Mysterious God


God is mysterious.

Through conversation after conversation and class after class, pursuing and seeking understanding about God and all that I have put my faith in, I have found that with every answer to all of my questions comes a whole new set of questions which always lead back to the original question. It seems that as questions and responses float all around me I continually find myself saying “yeah, but what does that mean?” It never ends.

I was discussing, with a friend, the concept of predestination and free will. Jesse, my friend, was struggling with an idea. He was saying that either:

A) God knows the future and is therefore not omnipotent because sin entered the world against His will.

B) God knows the future but allowed sin to enter and is therefore evil.

C) God doesn’t know the future and therefore isn’t all-knowing or eternal.

D) God chose to limit Himself from knowing the future and therefore must have limited His goodness and His ability to care for His creation.

E) Or a myriad of other possibilities.

I am yet to hear an explanation for God’s sovereignty or for Man’s freewill that does not defy logic or is not contradictory.

So How are we to believe in a good God who knows the future, Predestines everything including sin and is still good, knows about and allows for sin without being evil or weak, and sees a world destroy itself but still has good plans for it? Or a God, who doesn’t know the future without losing His omnipotence, gives man free will without losing His sovereignty, limits Himself without losing His ability, and cannot see what’s going to happen but still knows everything?

Our conversation bounced around for awhile. Jesse said, at one point, “I don’t like the idea that God doesn’t know the future.” So I responded “so maybe predestination is true." Jesus replied saying “but I don’t see how He can justify limiting Himself and still be a good God.” I answered, “That’s why I don’t believe in predestination.” Somehow i am caught in two contradictory ideas.

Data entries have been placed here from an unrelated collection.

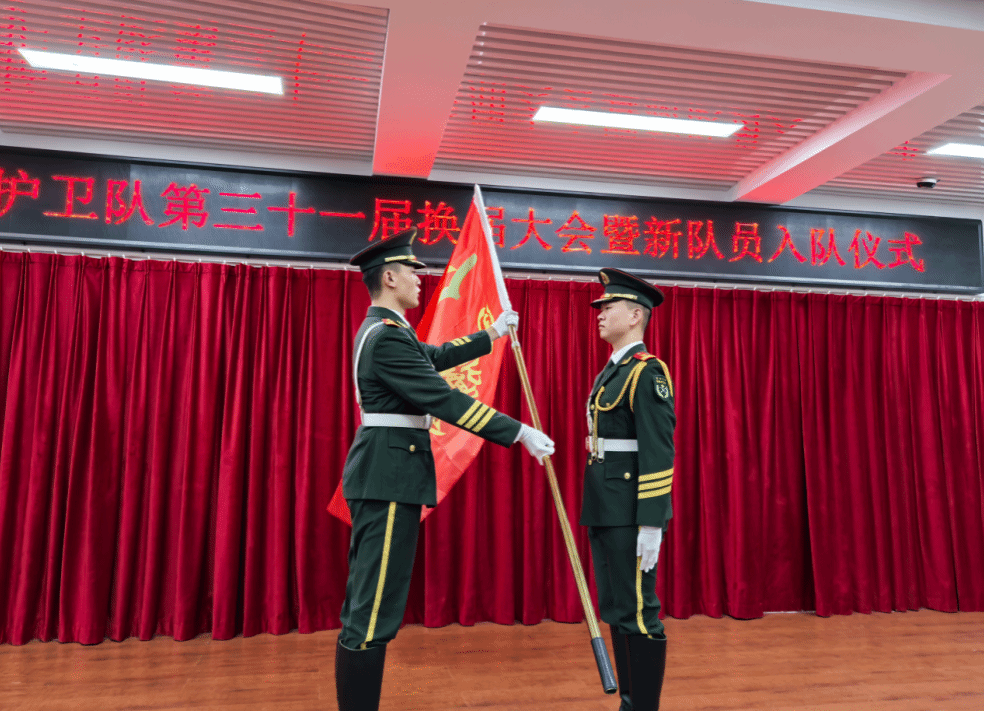 大会在庄严的国歌声中启幕。第三十届国旗护卫队队长孙志诚作工作总结,系统回顾队伍在思想建设、日常训练及重大任务中的突出表现,并向新队员提出"传承使命、接续奋斗"的殷切期望。大会对第三十届优秀队员进行表彰,宣读第三十一国旗护卫队任职文件,依次完成聘书颁发、臂章佩戴、队旗交接及仪仗指挥刀交接等仪式。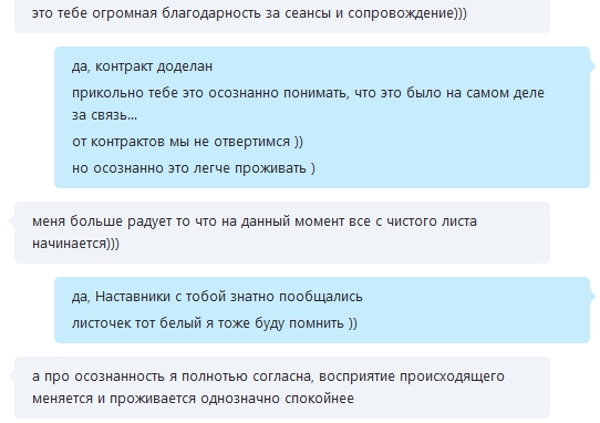Придумать что-то в сеансе нереально и это радует. Во всех трёх сеансах я так или иначе подходила к одному и тому же вопросу с разных сторон и мне давали одинаковый ответ. Очень чёткий и понятный.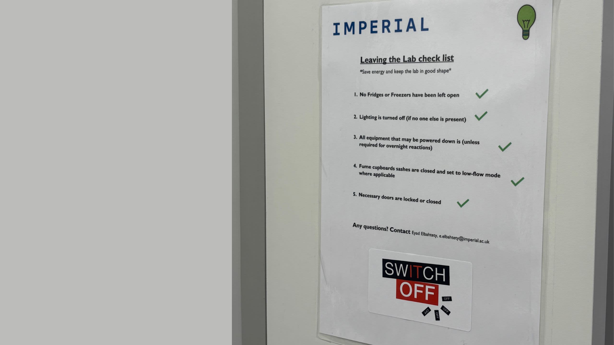 Lab checklists pinned on lab doors are a convenient reminder for all staff to ensure their working practices and environment are as sustainable as possible. They must, for instance, ensure that the new, more eco-friendly -70C freezers are not left open and that all equipment not in overnight use is switched off.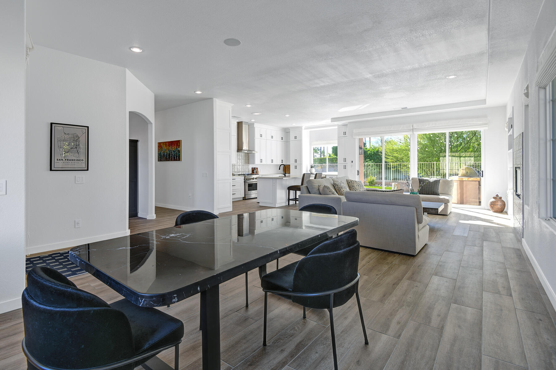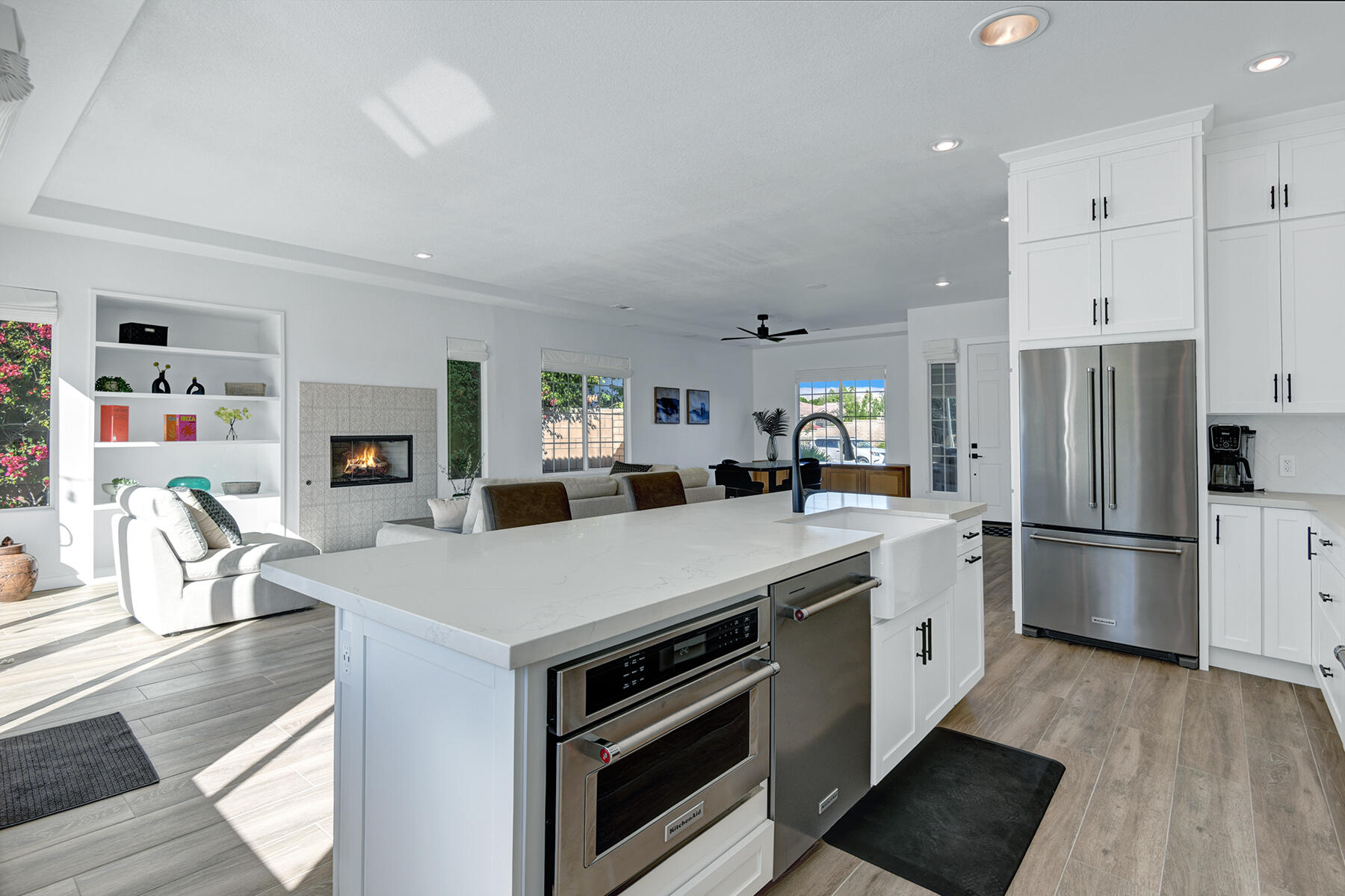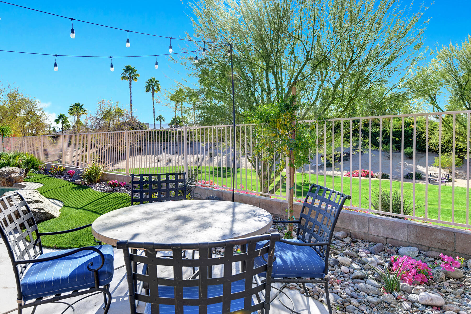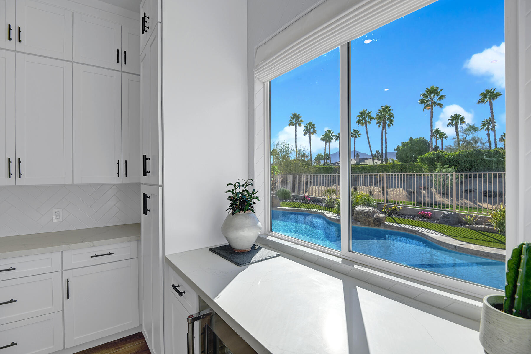 Welcome to 43179 Corte Del Oro, the perfect home for the modern family! Having undergone an extensive renovation, this home has absolutely everything today's families need to feel true comfort through elevated finishes. Step inside to discover Truwood plank ceramic flooring and a chef's kitchen designed for culinary enthusiasts. The kitchen is equipped with a KitchenAid Smart Range, soft close cabinets, quartz countertops, under-cabinet lighting, as well as a coffee bar with a wine refrigerator, and island seating. The open living area flows effortlessly into a private backyard oasis, featuring a salt-water pool, spa, and built-in barbecue. Enjoy stunning mountain views and tranquility from your elevated position to the adjacent park. The artificial turf side yard is perfect for pets, and an integrated sound system enhances your entertainment experience. The primary suite offers a spa-like bathroom with a freestanding tub inside a custom shower and an expanded walk-in closet. A versatile 5th bedroom serves as an ideal home office or additional sleeping space. Smart Home technology includes a washer/dryer, range, garage door, and lighting for ultimate convenience. The home also includes a water-softener system. With great proximity to the Indian Wells Tennis Gardens, and some of the best local dining & entertainment options, it's an incredibly well finished home in a superb, gated community! Please call listing agent for Gate Code to enter community at (949) 939-3095.Interested in this Listing?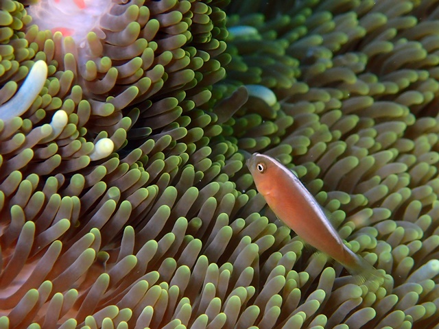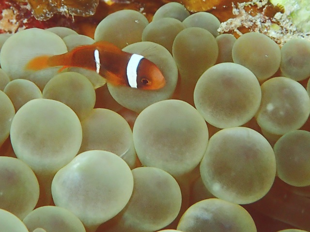 ミニなハマクマノミ。息が続きません(–;)
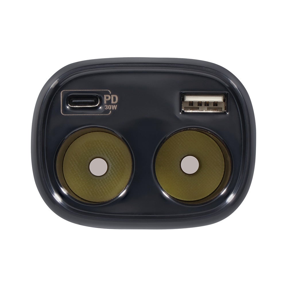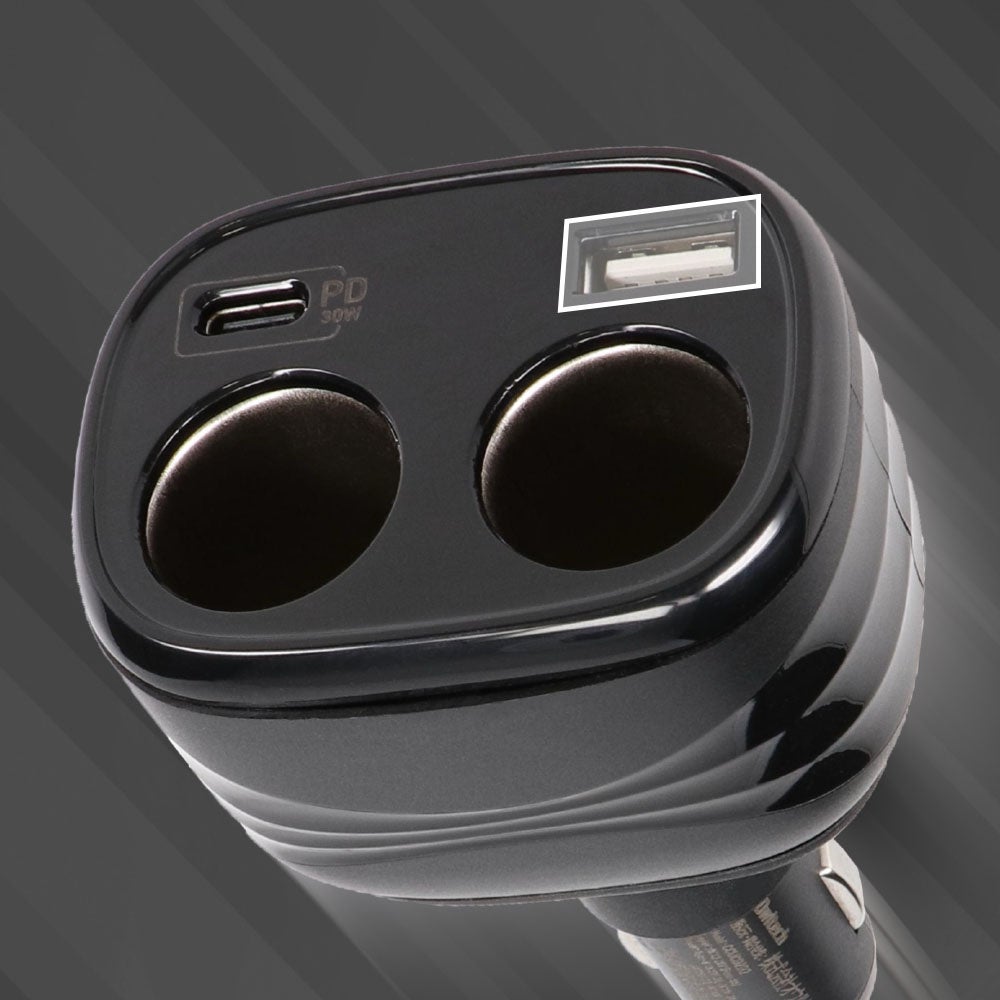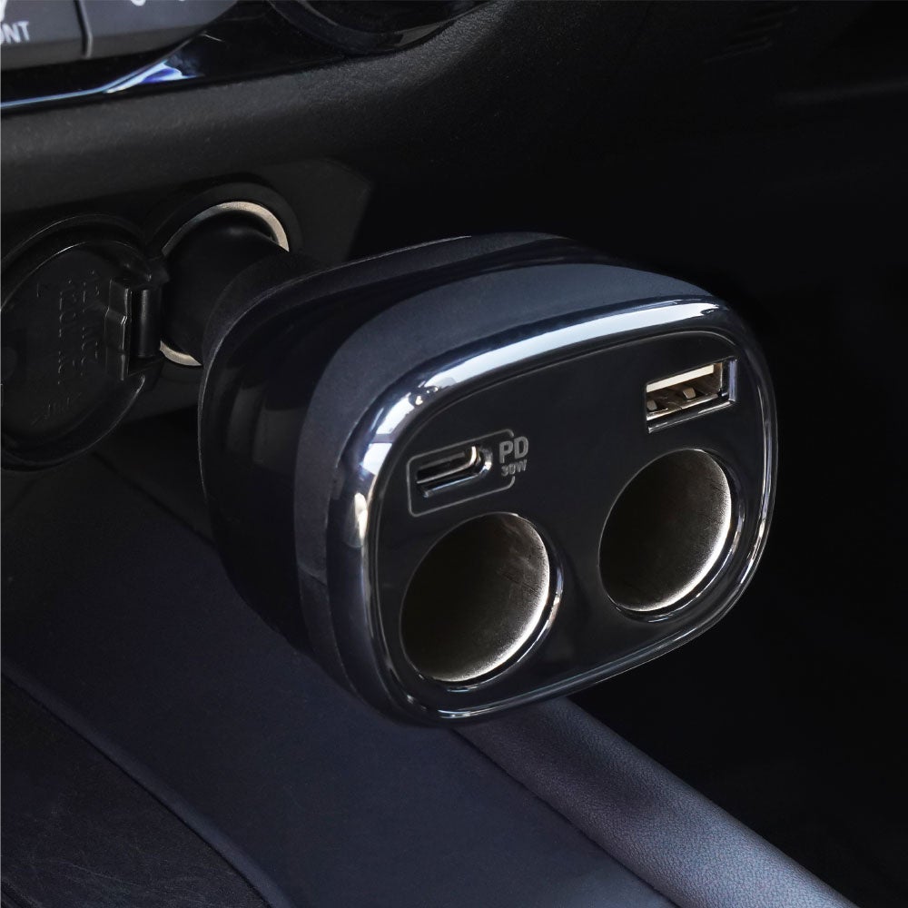 USB Type-Cポートを1基、USB Type-Aポートを1基、アクセサリーソケットを2基増設でき、スマートフォンの充電からドライブレコーダーへの給電などにお使いいただけます。
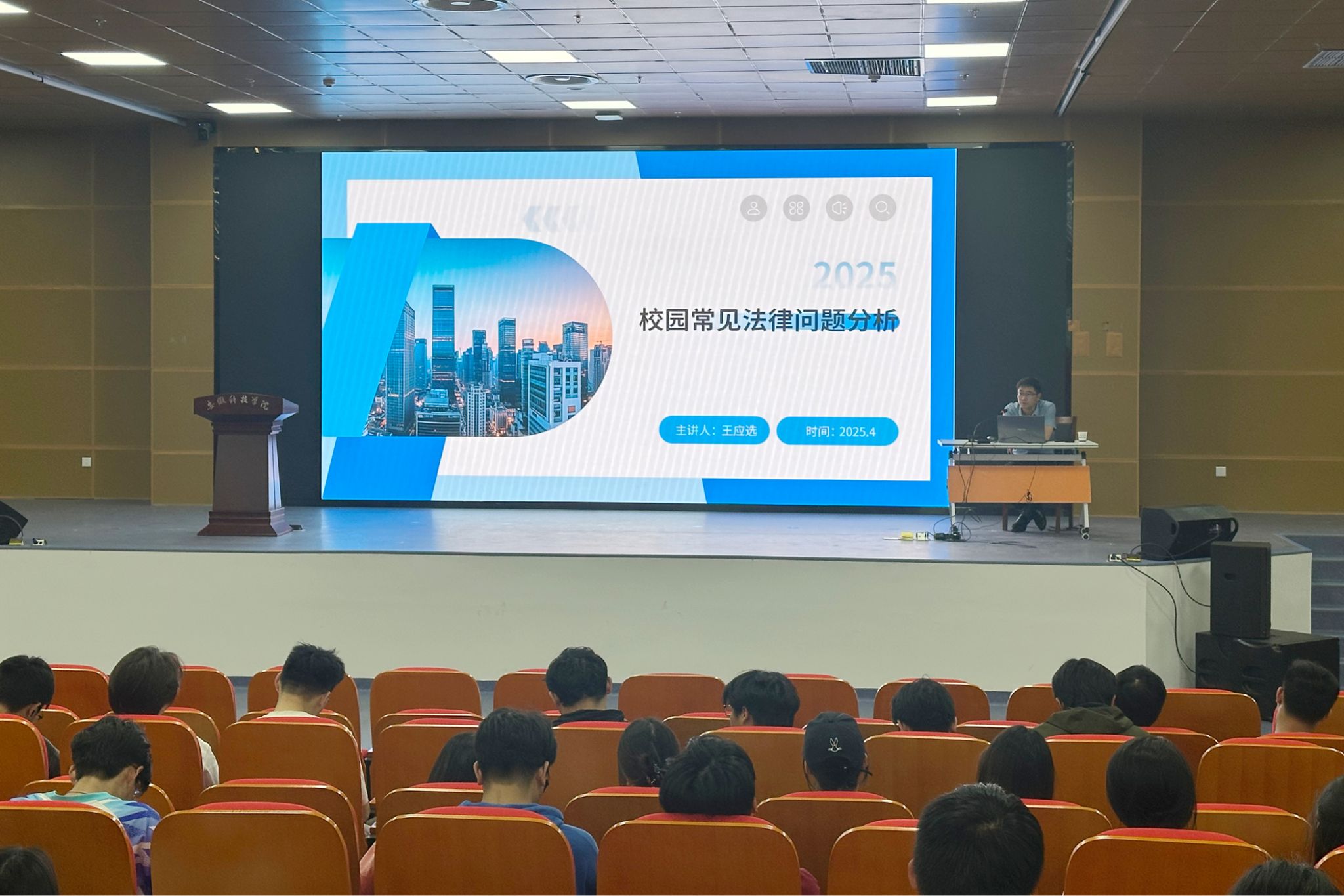 王应选以“校园常见法律问题分析”主题,通过对高空抛物的法律责任与防范、校园快递丢失的法律应对、校园贷的风险与防范、校园APP信息泄露的法律保护、校园法律意识的培养与提升等常见法律问题阐述,构建了校园法律生态的全景式图谱,强调了提高校园法律意识的重要性。

The Christian faith is filled with paradoxes. If we’re to find the most true and healthy answer to these questions we have to allow them to stay mysterious because God is mysterious. As we package our answers and begin to think we’ve nailed it we have to miss something. If God is beyond our comprehension than any answer we give that remains logical has to be inadequate. The more we take from the mystery the more we take from the truth.

So it is not our ambition to find all the answers, to explain away the truth, rather, our ambition is to live out the mystery; to live the healthiest kind of life. We don’t seek to limit God but we seek to embrace all of Him; the things we cannot know. We seek to fully appreciate our mysterious God. Theology, therefore, is faith seeking appreciation. This is why we try to understand God, not so that at some point we will give up or place Him in a box of logical explanations, but so that as we struggle we realize more and more what we cannot understand and we appreciate it because we have struggled. We have wrestled with God.

So we pray to the mysterious God to show us the mystery, to reveal the unknown and the unknowable. We pray to the mysterious God to allow us to know Him, to embrace Him, even though we cannot. We pray to the mysterious God because we want to relate to the unrelatable. And the beautiful mystery is that somehow we can.